- Task instructions:
Each entry that follows is to be retyped exactly. Pictures do not belong in the copy.

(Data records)
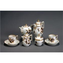 Consisting of a coffeepot, a teapot, a covered sugar bowl, a covered cream jug, six cups and six saucers. Each decorated with floral sprays in shades of gray-brown with pink and gilt highlights. Each with underglaze blue crossed swords and star mark; five pieces with underglaze blue 4; four saucers with underglaze blue B1. 16 pieces. Small chips to spout of teapot; some wear to gilt edges.
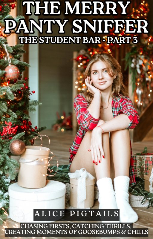 How many times has he done this, and I’ve walked innocently around after he’s smelled me and wanked? Oh my god, I realise with an extra piercing tingle when he returns downstairs and kisses his wife under the Christmas mistletoe, he will have my smell and taste on his lips and face. Oh my god, I want to be in a prime position to watch that happen, so I giggle. This sneaky panty theft moment is too much, too much to see and feel and sense and hear as he intensifies his wanking over me.
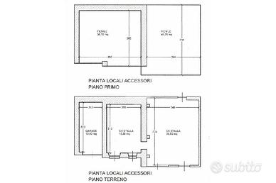 Sul fronte dell'immobile c'è un edificio anch'esso disposto su due livelli di circa 170 mq totali attualmente adibito a ex fienile e stalle dove con il piano di recupero si può sfruttare trasformandolo in una terza unità abitativa oppure per la realizzazione di box auto o magazzini.
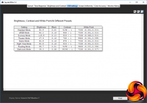 Many of the surprising number of OSD presets don't feel that different to the naked eye, partly because four of them hover around the 86 or 87cd/m2 britghness with a 7200K white point. The Standard and and sRGB modes differ only in contrast, and Scenery mode isn't much of a variation either, with a 115.8cd/m2 brightness.
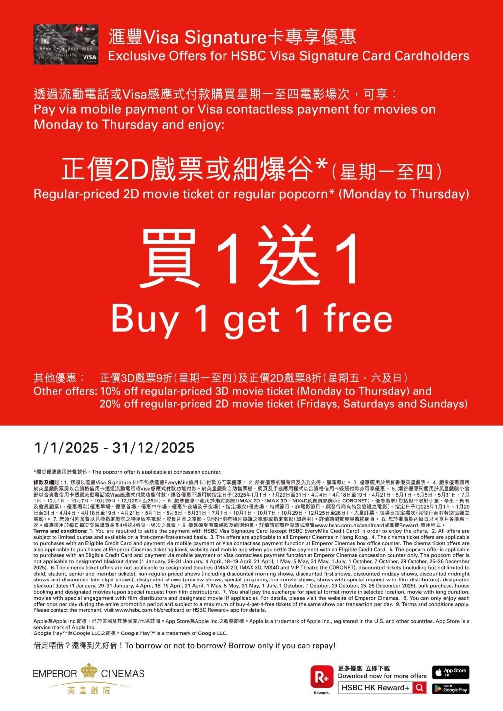 此外,即日起至12月31日凭汇丰Red信用卡登记及于MCL戏院签账,可透过汇丰Reward印花卡奖赏功能专享高达额外$360“奖赏钱”。于MCL戏院单一签账淨额满50元或以上可赚取及收集1个印花,收集每满3个印花可领取额外$30“奖赏钱”,今年内尚有7月1日至9月30日、10月1日至12月31日两个阶段可储印花,每个阶段最多可享额外$90“奖赏钱”。
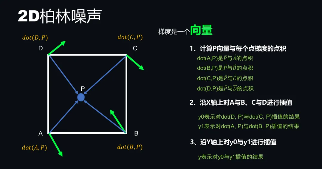 理解了1D,2D就非常容易了。在2D平面中,我们划分出很多网格。如果采样点P处在网格ABCD中,它会受到4个格点梯度的共同影响。此时梯度变为了“向量”,我们使用“点积”来计算每个梯度对P点的贡献。接着,先沿着x轴在AB和CD之间进行两次插值,最后再沿着 y轴进行最后一次插值。相比1D,2D噪声涉及4个顶点和总共3次插值运算。
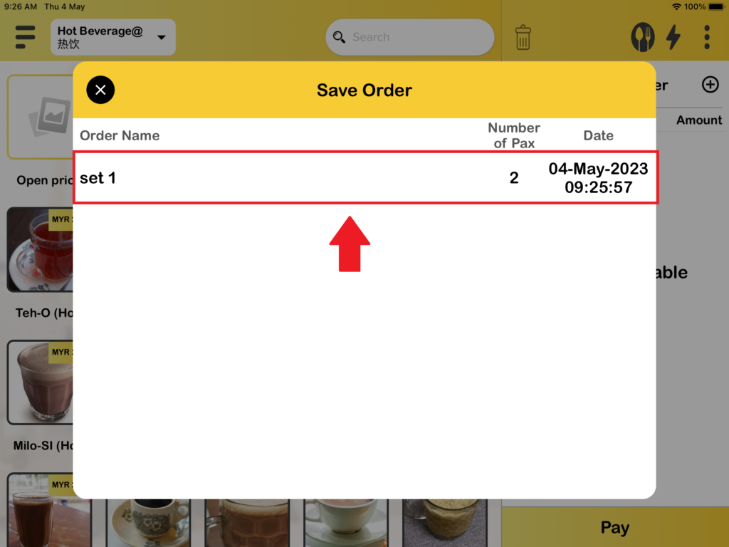 4. You will see the order that you had saved previously and press it to open the order.

- Answer to the exercise:
 Consisting of a coffeepot, a teapot, a covered sugar bowl, a covered cream jug, six cups and six saucers. Each decorated with floral sprays in shades of gray-brown with pink and gilt highlights. Each with underglaze blue crossed swords and star mark; five pieces with underglaze blue 4; four saucers with underglaze blue B1. 16 pieces. Small chips to spout of teapot; some wear to gilt edges.
 How many times has he done this, and I’ve walked innocently around after he’s smelled me and wanked? Oh my god, I realise with an extra piercing tingle when he returns downstairs and kisses his wife under the Christmas mistletoe, he will have my smell and taste on his lips and face. Oh my god, I want to be in a prime position to watch that happen, so I giggle. This sneaky panty theft moment is too much, too much to see and feel and sense and hear as he intensifies his wanking over me.
 Sul fronte dell'immobile c'è un edificio anch'esso disposto su due livelli di circa 170 mq totali attualmente adibito a ex fienile e stalle dove con il piano di recupero si può sfruttare trasformandolo in una terza unità abitativa oppure per la realizzazione di box auto o magazzini.
 Many of the surprising number of OSD presets don't feel that different to the naked eye, partly because four of them hover around the 86 or 87cd/m2 britghness with a 7200K white point. The Standard and and sRGB modes differ only in contrast, and Scenery mode isn't much of a variation either, with a 115.8cd/m2 brightness.
 此外,即日起至12月31日凭汇丰Red信用卡登记及于MCL戏院签账,可透过汇丰Reward印花卡奖赏功能专享高达额外$360“奖赏钱”。于MCL戏院单一签账淨额满50元或以上可赚取及收集1个印花,收集每满3个印花可领取额外$30“奖赏钱”,今年内尚有7月1日至9月30日、10月1日至12月31日两个阶段可储印花,每个阶段最多可享额外$90“奖赏钱”。
 理解了1D,2D就非常容易了。在2D平面中,我们划分出很多网格。如果采样点P处在网格ABCD中,它会受到4个格点梯度的共同影响。此时梯度变为了“向量”,我们使用“点积”来计算每个梯度对P点的贡献。接着,先沿着x轴在AB和CD之间进行两次插值,最后再沿着 y轴进行最后一次插值。相比1D,2D噪声涉及4个顶点和总共3次插值运算。
 4. You will see the order that you had saved previously and press it to open the order.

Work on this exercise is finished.